Source:  Copyright 2010, Agence France-Presse
Date:  November 27, 2010
Byline:  Maria Antonova
Original URL: Status DEAD

Russia may have endured its hottest summer on record and battled deadly forest fires, but attitudes on climate change remain dominated by scepticism and even mired in conspiracy theories.

Experts see no major substantial movement in Russia's stance ahead of the latest UN climate conference in Cancun, despite the occasional acknowledgement by President Dmitry Medvedev that the earth is warming.

During the last major climate conference in Copenhagen, Medvedev published Russia's ambitious Climate Doctrine and even appointed a climate adviser a month later.

Russia's own weather agency Rosgidromet said in a weighty 2008 report that daily average temperatures in Russia would rise by four to six degrees Celsius by 2050, and that the change of the past 50 years was most likely man-made.

It concluded that "the dependency of Russia's nature and economy on climatic factors... demand a serious scientific base to government policy on climate change."

But two years later, after summer forest fires that ravaged more than a million hectares (2.5 million acres) in Russia and a heatwave believed to have killed thousands, state media are still debating whether climate change is a myth.

In August, Prime Minister Vladimir Putin even wondered aloud if the natural dying out of mammoths around 10,000 BC means that current climate change was also a phenomenon independent of human influence.

"Most scientists in the world now share the view that climate change is human-caused, but in Russia science is very politicized," said Vladimir Chuprov, a climate expert for Greenpeace Russia.

Although Medvedev has indicated his concern at climate change, scepticism in academic circles remains due to Putin's position, since Russian science depends on government funding, Chuprov told AFP.

"The position is: the world can change but we'll survive on our oil wells and potatoes for however long. Oil is always needed, and we have enough of it in our lifetime," he added.

In 2003, Putin amazed scientists when he speculated that a global warming by "two or three degrees" could be a good thing for Russia as its people would no longer need fur coats.

A press conference hosted by the RIA Novosti state news agency ahead of Cancun provided some indication of official attitudes. Called "Climate Change: myth or reality?" it gave a platform to a leading climate sceptic academic.
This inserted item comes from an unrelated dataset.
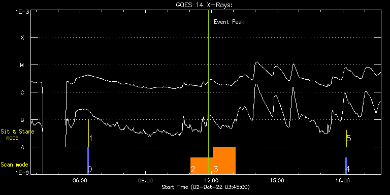 EIS Observation timeline overlay to GOES-Xray curve Code 1" 2" 40" 266" EIS Observations list for this event: STUDY ACRONYM ID DATE OBSERVED DESCRIPTION NOAA# TARGET 0 PRY_slot_contextLITE | 83489 | 2022/10/02 06:20:27 | pointing monitoring | | Active Region TIMELINE ID DATE OBSERVED FITS FILE XCEN (+W/-E) YCEN (+N/-S) DUR ----------------------------------------------------------------------------------------------------------------- 83489 | 2022/10/02 06:20:27.000 | eis_l0_20221002_062027.fits.gz | 0.76 | -195.00 | 2m56s 1 XRT_synop_AIA | 83490 | 2022/10/02 06:23:42 | pointing monitoring | | Quiet Sun TIMELINE ID DATE OBSERVED FITS FILE XCEN (+W/-E) YCEN (+N/-S) DUR ----------------------------------------------------------------------------------------------------------------- 83490 | 2022/10/02 06:23:42.000 | eis_l0_20221002_062342.fits.gz | 0.51 | -207.00 | 10s 2 Atlas_60 | 83509 | 2022/10/02 11:03:20 | AR studies | 3112 | Quiet Sun TIMELINE ID DATE OBSERVED FITS FILE XCEN (+W/-E) YCEN (+N/-S) DUR ----------------------------------------------------------------------------------------------------------------- 83509 | 2022/10/02 11:03:20.000 | eis_l0_20221002_110320.fits.gz | -792.30 | 327.32 | 1h1m39s 3 HPW021VEL260x512v2 | 83510 | 2022/10/02 12:05:08 | AR studies | | Active Region TIMELINE ID DATE OBSERVED FITS FILE XCEN (+W/-E) YCEN (+N/-S) DUR ----------------------------------------------------------------------------------------------------------------- 83510 | 2022/10/02 12:05:08.000 | eis_l0_20221002_120508.fits.gz | -758.56 | -23.61 | 1h0m45s 4 PRY_slot_contextLITE | 83491 | 2022/10/02 18:06:50 | pointing monitoring | | Active Region TIMELINE ID DATE OBSERVED FITS FILE XCEN (+W/-E) YCEN (+N/-S) DUR ----------------------------------------------------------------------------------------------------------------- 83491 | 2022/10/02 18:06:50.000 | eis_l0_20221002_180650.fits.gz | 0.76 | -195.00 | 2m57s 5 XRT_synop_AIA | 83492 | 2022/10/02 18:10:05 | pointing monitoring | | Quiet Sun TIMELINE ID DATE OBSERVED FITS FILE XCEN (+W/-E) YCEN (+N/-S) DUR ----------------------------------------------------------------------------------------------------------------- 83492 | 2022/10/02 18:10:05.000 | eis_l0_20221002_181005.fits.gz | 0.43 | -207.00 | 10s : Check study information : Download file : View thumbnails For this event, also check for:

"Climate is a concept that has existed as long as the Earth exists... several hundred million years ago the temperature was 10-13 degrees higher than now," said Yury Israel, director of the Institute of Global Climate and Environment at the Russian Academy of Sciences.

"What is happening now is not some kind of unusual special case," he said, adding that life flourished on Earth at the time of dinosaurs.
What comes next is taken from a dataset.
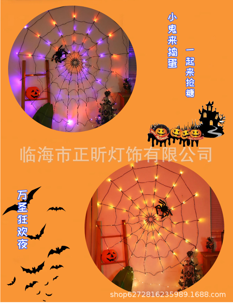 クロスボーダー発光クモの巣ライトハロウィン装飾ライト LED ストリングライトゴーストフェスティバルライト雰囲気ライト屋外パーティー用品
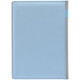 Твердая обложка с поролоном, материал обложки — Soft Touch, голубой JJ и Soft Touch, серый СС. На корешке ежедневника находится петля из резинки.

Russia's state television -- often a reliable weather vane of government policy direction -- has produced well-funded features on the subject of climate.

"The anti-cyclone came to Russia and stopped. Why?" a low voice narrated in a film shown on state Channel One in October. "Professionals don't know, beyond science people offering shocking theories."
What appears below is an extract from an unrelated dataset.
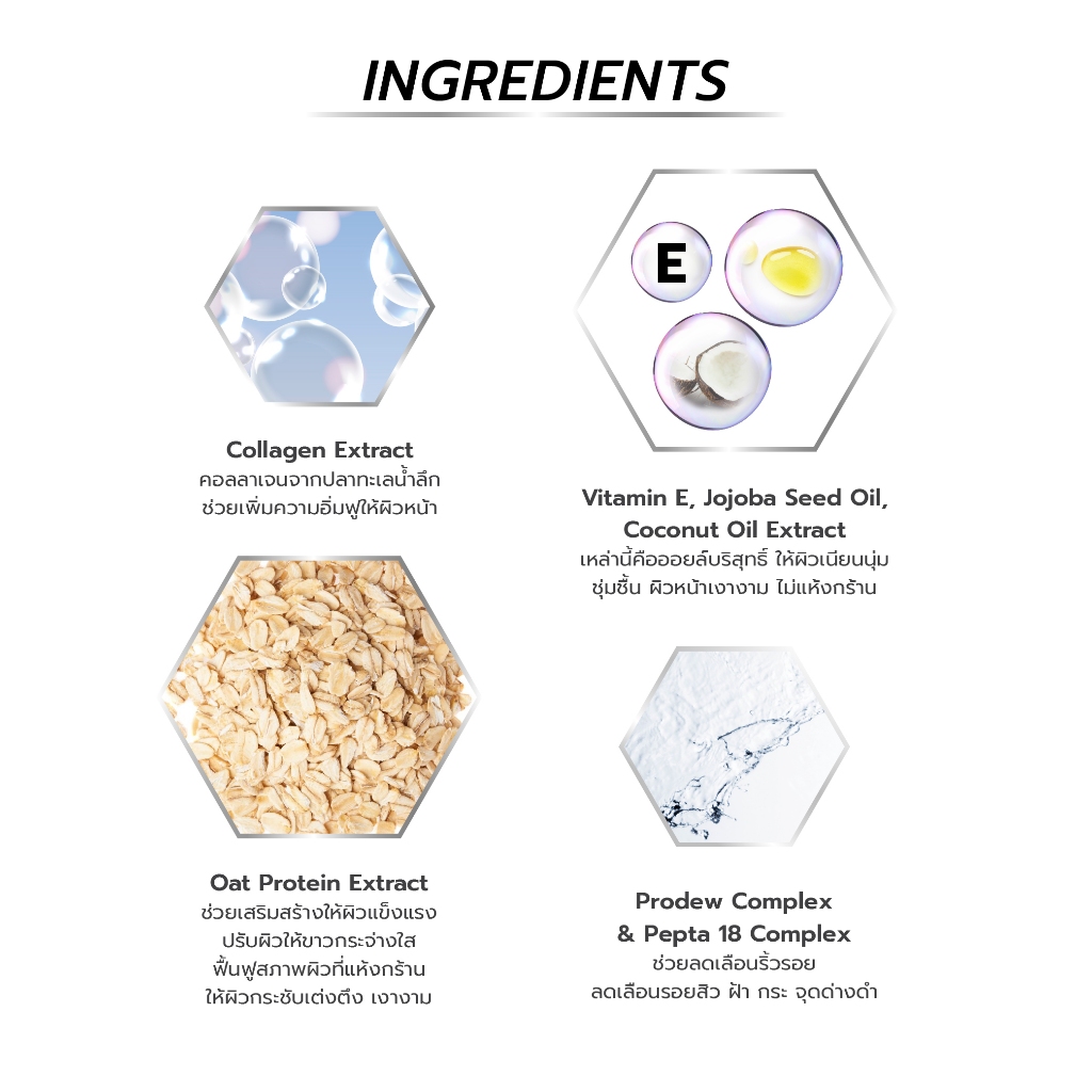 ... าหลากชนิด เช่น Collagen Extract สารสกัดคอลลาเจนจากปลาทะเลน้ำลึก ช่วยเพิ่มความอิ่มฟูให้ผิวหน้า และ Vitamin E, Jojoba Seed Oil, Coconut Oil Extract เหล่านี้คือออยล์บริสุทธิ์ ที่มีคุณสมบัติช่วยให้ผิวเนียนนุ่ม ชุ่มชื้น ผิวหน้าเงางาม ไม่แห้งกร้าน รวมถึง PRODEW COMPLEX คือกรดอะมิโนที่มีประโยชน์รวม 12 ชนิด และ PEPTA 18 COMPLEX เปปไทด์คุณภาพรวม 18 ชนิด ช่วยลดเลือนริ้วรอย ลดเลือนรอยสิว ฝ้า กระ จุดด่างดำต่างๆ อีกทั้งยังมี Oat Protein Extract สารสกัดโปรตีนจากข้าวโอ๊ต ที่ช่วยเสริมสร้างให้ผิวแข็งแรง ไม่แพ้ง่าย และค่อยๆ ปรับผิวให้แลดูกระจ่างใส ฟื้นฟูสภาพผิวที่แห้งกร้าน ช่วยให้ผิวกระชับเต่งตึง เงางาม แลดูอ่อนกว่าวัยในทุกๆ วัน วิธีใช้ หลังจากล้างทำความสะอาดผิวหน้าและซับให้แห้ง เปิดฝาหลอด บีบเนื้อครีมมาสก์ออกมาในปริมาณที่พอเหมาะกับขนาดของผิวหน้า ทาและเกลี่ยให้ทั่วบริเวณโดยไม่ให้บางหรือหนาจนเกินไป เว้นรอบดวงตาและริมฝีปาก หลังจากนั้นปล่อยทิ้งไว้ประมาณ 20 - 30 นาทีจนเนื้อมาสก์แห้งและเริ่มร่อนออกจากผิวหน้า หลังจากนั้นค่อยๆ ลอกแผ่นมาสก์ออกจากผิวหน้าโดยไม่ต้องล้างออก เนื้อครีมจะซึมลงสู่ผิวเผยให้เห็นผิวหน้าที่ผ่องใสเงางามในทันทีหลังใช้งาน สามารถใช้ได้ 3-4 ครั้งต่อสัปดาห์หรือทุกวันตามต้องการ คำแนะนำ : 1. ปิดฝาให้สนิททุกครั้งหลังการใช้งาน 2. ควรเก็บรักษาในที่แห้งและเย็น หลีกเลี่ยงจากแสงแดด (อุณหภูมิที่แนะนำ 18~25 องศา)

A confused array of doomsday images followed: the planet Earth burst into flames, and chunks of Greenland broke off, flooding major cities on the Atlantic. "Who Caused the Warming?" the film asked point-blank.

Earlier this year, the Russian television answered that question in a 40-minute feature aired on TV5, a popular federal network based in Saint Petersburg.

"The smoke was very strange. Sometimes it thickened, only to disappear the next day," said the film, called "Russia On Fire: Climate as a Weapon". It went on to allege that the heatwave and fires were caused by the US Air Force's HAARP (High Frequency Active Auroral Research Program).

But though climate scepticism and conspiracy theories abound in Russia, the heatwave and wildfires could bring about a gradual shift in attitudes, experts said.

A year ago, just ahead of the conference in Copenhagen, Channel One aired a feature claiming climate change was a concept dreamed up as part of a political conspiracy.

Now the heatwave has swayed public opinion from total denial, said WWF climate expert Alexei Kokorin.

"Some acknowledgement has occurred, but very slowly," he said. "There is a realization that global warming is after all a bad thing."